‘Nvidia Blackwell chips face ongoing problems’

nvidia blackwell

Problems flagged last year with Nvidia’s Blackwell B200 chips have not gone away. A bug in the manufacturing process would cause the AI accelerators to overheat.

The high-end Nvidia Blackwell B200 accelerators for AI training are facing problems. That’s what The Information reports, and although Nvidia denies, the medium is confident of its piece. The malfunctions involve the same bug that previously caused delays.

Earlier delay

In principle, Nvidia B200 chips were supposed to roll off the assembly line in volume as early as the last quarter of 2024. A design error then sprinkled a spanner in the works. That mistake was made by Nvidia and had to do with how the B200 chips are integrated by TSMC. Nvidia claimed to have fixed the error in late October.

That would now prove not quite true. Blackwell servers exhibit bugs related “to the way the chips connect.” That is a vague description and there is no more clarity at this time.
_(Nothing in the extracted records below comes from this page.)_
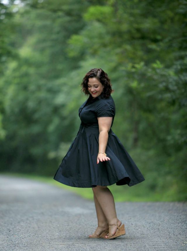 Wardrobe Oxygen in a black cotton shirt dress from ellos with Aerosoles wedge sandals and a raffia clutch bag I had a dress similar to this one years ago (see it here), but I literally wore it to death.  It got faded, threadbare in places, and I had replaced lost buttons multiple times.  It was such a perfect dress, it became my uniform back when I'd be Karl's assistant on wedding photo shoots.  I'd clamp a fanny pack on, fill my pockets with batteries and memory cards, and run around capturing shots, smoothing trains, and wrangling relatives.  I was sad to donate the dress, I never thought I'd find something similar until I saw this one at ellos.  This dress comes in five different colors/prints and goes from size 10/12 to 38/40.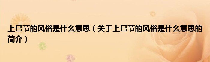 本文關于上巳節的風俗是什么意思的簡介就講解完畢,希望對大家有所幫助。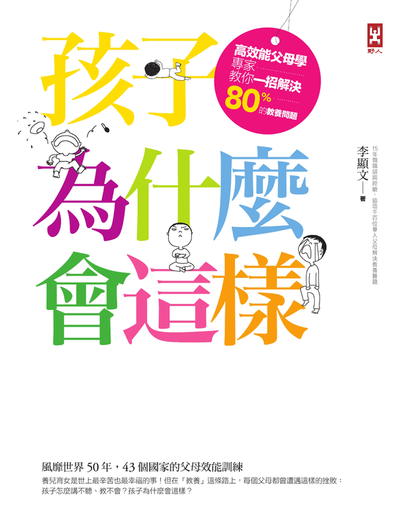 作者介紹 李顯文 15年親職諮詢經驗,協助千百位華人父母解決教養難題 輔仁大學企業管理系畢業,17年諮商輔導經驗,歷任:吉隆坡關懷輔導中心、怡保心燈輔導中心諮商協助員,現任「父母效能系統訓練課程」資深領導員。 1997年開始電話諮商工作;1999年開始帶領父母效能訓練課程;2009年起在大台北地區松山、新生、仁愛、文湖、實踐、國北教實小、公館、明倫、復興等10多所國小的讀書會、老師或志工媽媽團,以及新意象美術教室、鍥而生態讀書會、媽媽play教室、關心幼兒美語教室等團體,進行父母效能課程、父母成長課程、老師輔導課程及親職講座的工作。著有《高效能父母學》(野人文化) 菜媽的親職教養部落格 blog.xuite.net leestep2009 twblog 臉書粉絲專頁:顯文的高效能父母學園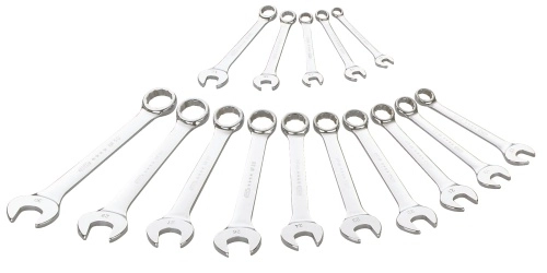 Alliance de 2 têtes de même ouverture, permettant avec la tête à fourche une approche rapide de serrage et un blocage surpuissant avec la tête polygonale dont le coudage à 15° assure une manoeuvre aisée en surface plane.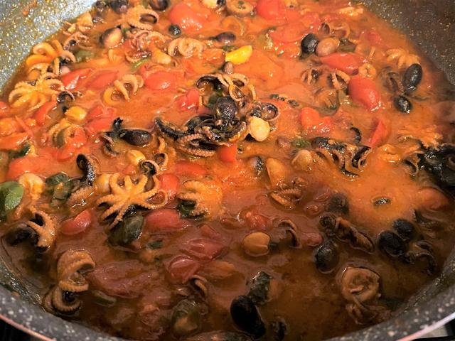 ↑ 作り方は簡単です。ひと言でまとめますと、先に鍋に入れてよく火を通したタコに、トマトソースとその他の材料を合わせて煮るだけです。このお母さんは、ミニトマトもたくさん加えて煮ました。それぞれの家庭に、それぞれのお料理のレシピがあります。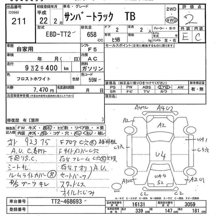 SUBARU SAMBAR TRUCK 2010 г., лот № 211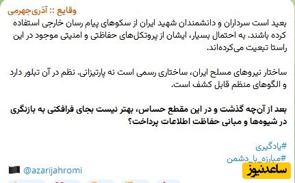 ساختار نیروهای مسلح ایران، ساختاری رسمی است نه پارتیزانی. نظم در آن تبلور دارد و الگوهای منظم قابل کشف. بجای فرافکنی بهتر است به بازنگری در شیوهها و مبانی حفاظت اطلاعات پرداخت.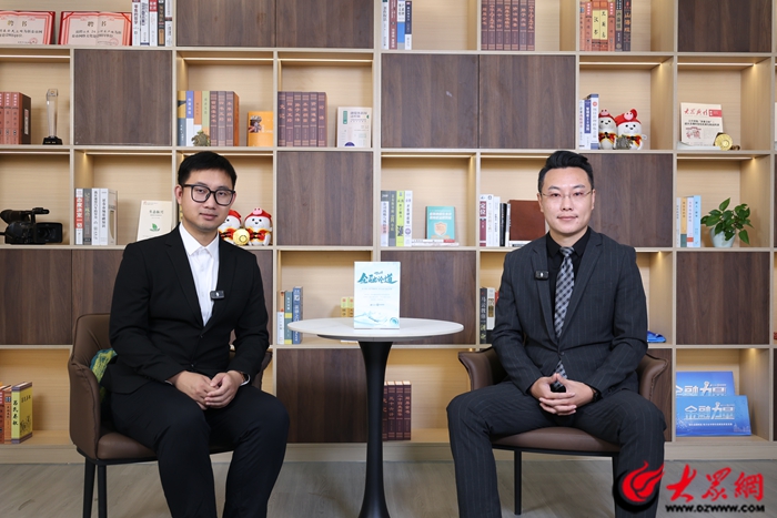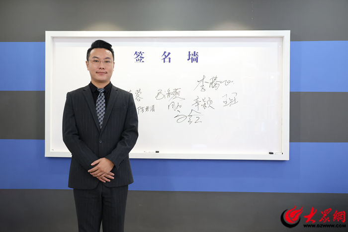百年人寿泰安中支负责人李腾飞做客大众网泰安演播室(记者 兰帅 摄)
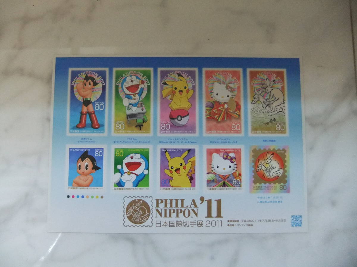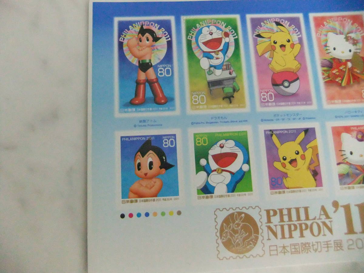 | 日本国際切手展2011 切手シート ドラえもん 鉄腕アトム ポケモン ハローキティ他 @80×10 平成23年1月21日 | |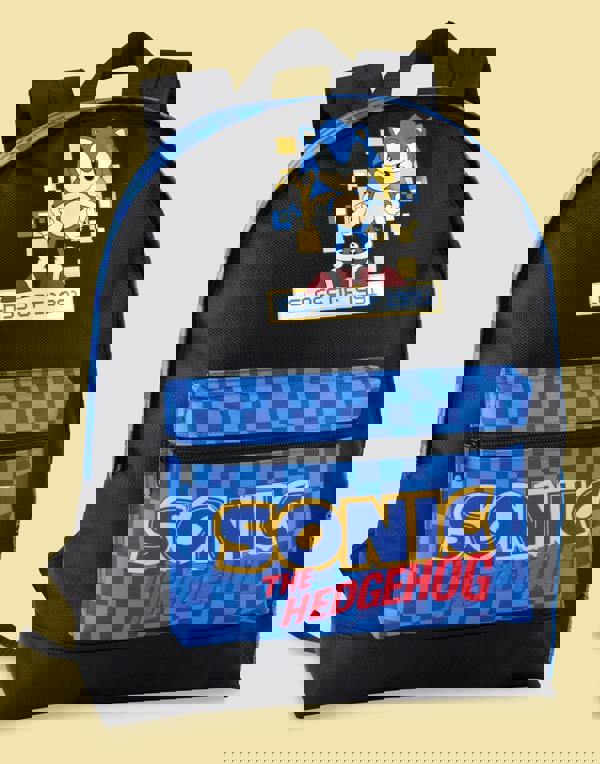 Featured across the front of the bag is an awesome print of the fan favourite gaming icon Sonic, standing on a plaque saying 'Class of 1991', underlined with the Sonic The Hedgehog logo print on the front pouch pocket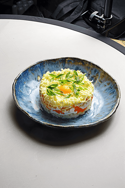 Этот рецепт представляет собой вариацию на тему классической «Мимозы». Вместо консервированной рыбы здесь применяется соленая, что добавляет оригинальности. Также вместо полутвердого сыра используется моцарелла, которая делает блюдо более мягким и нежным. Рецепт был разработан в тверском баре «Суворов».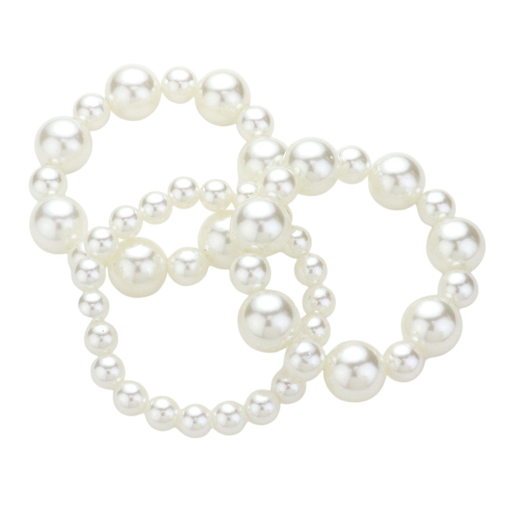 Details • Size : 1.75" H • Stretchable • Elegant triple row stretch bracelet featuring round pearl-like beads in alternating sizes. A timeless piece that adds sophistication to casual wear, weddings, parties, and formal occasions. • Lead and Nickel Compliant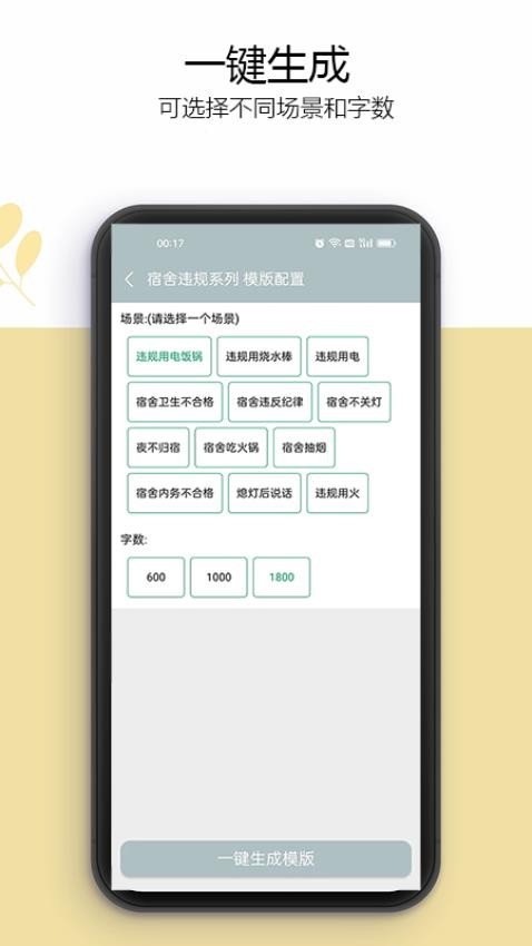 选择一个场景和字数,然后就可以一键生成对应的检讨书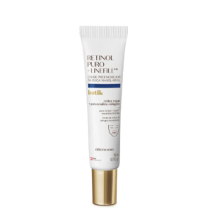 Retinol Puro + Linefill™é um produto de uso localizado para dupla ação redutora na linha de expressão que vai do nariz ao canto da boca. Enquanto o retinol puro atua potencializando o colágeno na região, o Linefill™atua no preenchimento da pele. Melhora a firmeza da região a partir dos 10 dias de uso e reduz visivelmente a ruga nasolabial em até quatro semanas.
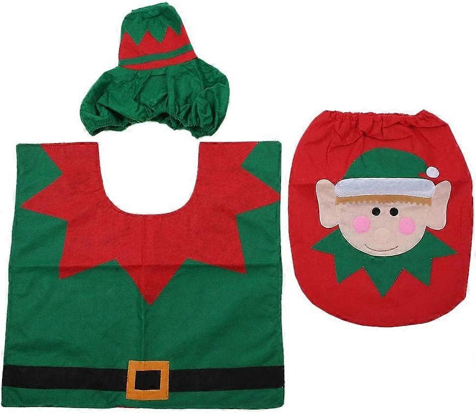 Toilet Lid Cover, Heavy Duty Non-Slip 3-Piece Bathroom Mat(Elf 3-Piece Set)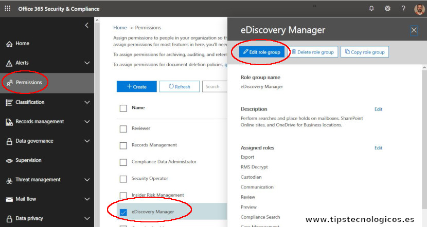 Para poder realizar la exportación nuestro usuario debe ser administrador de eDiscover. Para ello nos iremos a Permissions, eDiscovery Manager y editaremos los roles del grupo.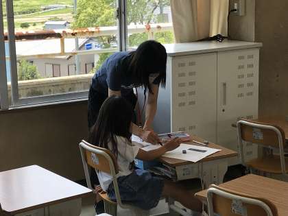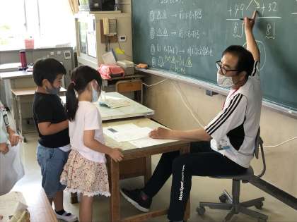 算数の計算問題に取り組んでいました。少人数指導の池田先生と担任で個別に確認していました。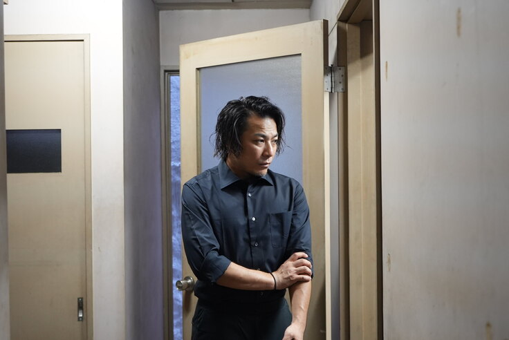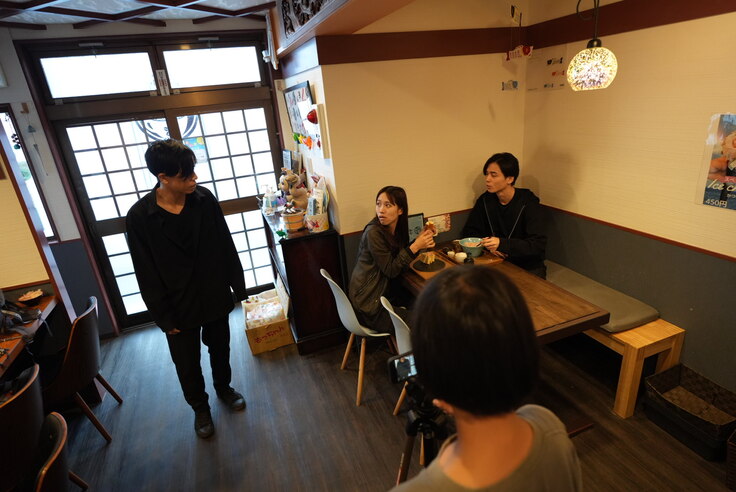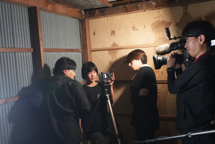 『廃墟スタジオ廃墟スタジオにて俳優さんと打ち合わせの今井監督』

Earlier rumors suggested that the flaw had to do with the integration of the B200 chips via TSMC’s CoWoS packaging system. Such a problem could be described as connection-related.

Too hot

The result is measurable: the chips get too hot. That, in turn, brings instability. Meanwhile, The Information knows that major customers including Microsoft, Amazon, Google and Meta are getting impatient. They have reportedly scaled back their Blackwell orders.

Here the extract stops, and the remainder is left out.